Top of Provided records

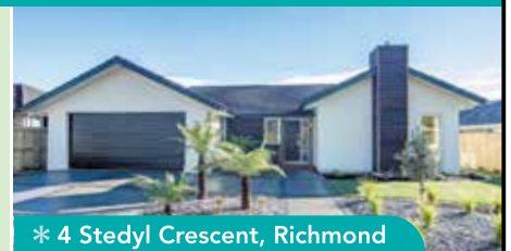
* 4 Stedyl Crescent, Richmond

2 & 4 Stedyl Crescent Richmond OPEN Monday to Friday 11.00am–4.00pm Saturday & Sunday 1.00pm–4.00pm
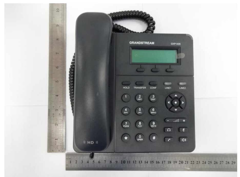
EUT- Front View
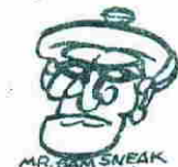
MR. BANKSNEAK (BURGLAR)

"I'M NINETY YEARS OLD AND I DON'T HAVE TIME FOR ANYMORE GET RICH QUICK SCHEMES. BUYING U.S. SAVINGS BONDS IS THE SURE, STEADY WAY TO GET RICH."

Bottom of Provided records
Top of Provided records

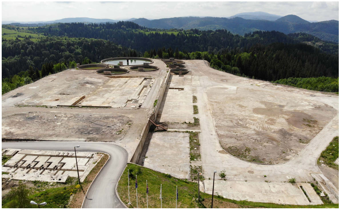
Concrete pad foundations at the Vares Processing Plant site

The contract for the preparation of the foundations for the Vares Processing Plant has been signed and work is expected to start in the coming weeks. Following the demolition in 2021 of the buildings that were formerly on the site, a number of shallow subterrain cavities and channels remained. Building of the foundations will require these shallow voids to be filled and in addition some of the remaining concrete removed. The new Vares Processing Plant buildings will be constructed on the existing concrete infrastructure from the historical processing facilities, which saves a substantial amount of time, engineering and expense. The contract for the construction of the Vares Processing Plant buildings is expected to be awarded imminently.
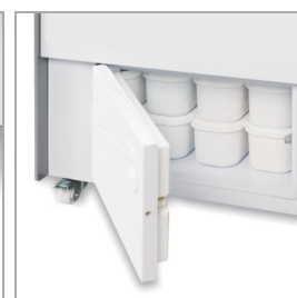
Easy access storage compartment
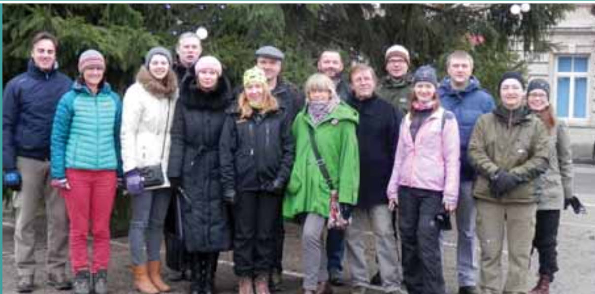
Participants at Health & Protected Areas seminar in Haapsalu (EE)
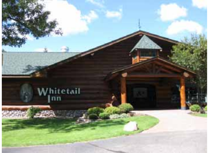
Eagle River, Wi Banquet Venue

Bottom of Provided records
Top of Provided records

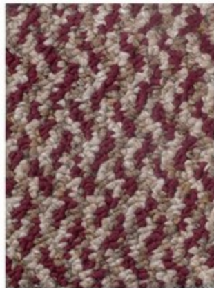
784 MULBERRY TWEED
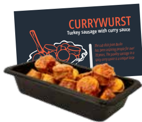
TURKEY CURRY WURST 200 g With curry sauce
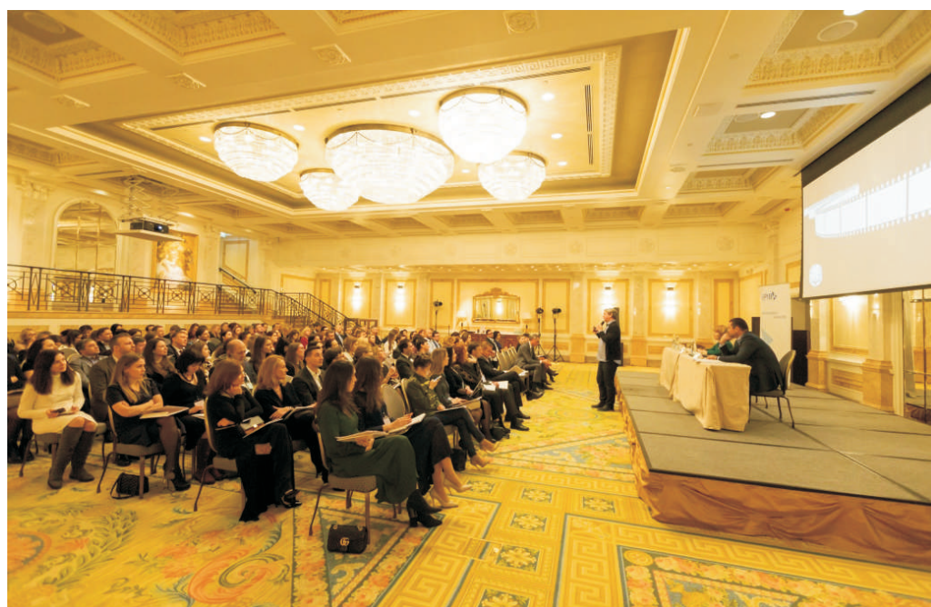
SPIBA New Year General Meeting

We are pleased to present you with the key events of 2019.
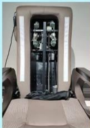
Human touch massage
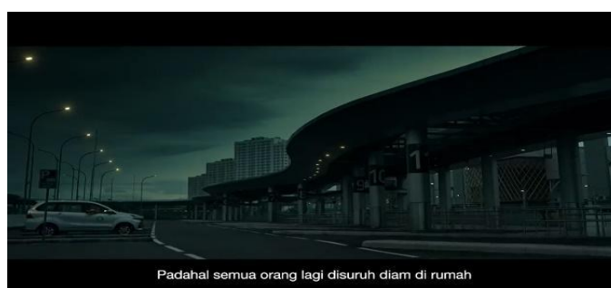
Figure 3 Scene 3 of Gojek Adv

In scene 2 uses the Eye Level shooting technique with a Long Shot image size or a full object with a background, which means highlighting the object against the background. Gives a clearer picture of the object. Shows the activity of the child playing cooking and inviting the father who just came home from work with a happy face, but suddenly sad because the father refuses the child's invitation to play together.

Bottom of Provided records

Copy the entries above exactly, but only the stretch from the line containing "Human touch massage" through the line containing "In scene 2 uses". Keep both end lines; drop the pictures.

- _Task solution_
Human touch massage
Figure 3 Scene 3 of Gojek Adv

In scene 2 uses the Eye Level shooting technique with a Long Shot image size or a full object with a background, which means highlighting the object against the background. Gives a clearer picture of the object. Shows the activity of the child playing cooking and inviting the father who just came home from work with a happy face, but suddenly sad because the father refuses the child's invitation to play together.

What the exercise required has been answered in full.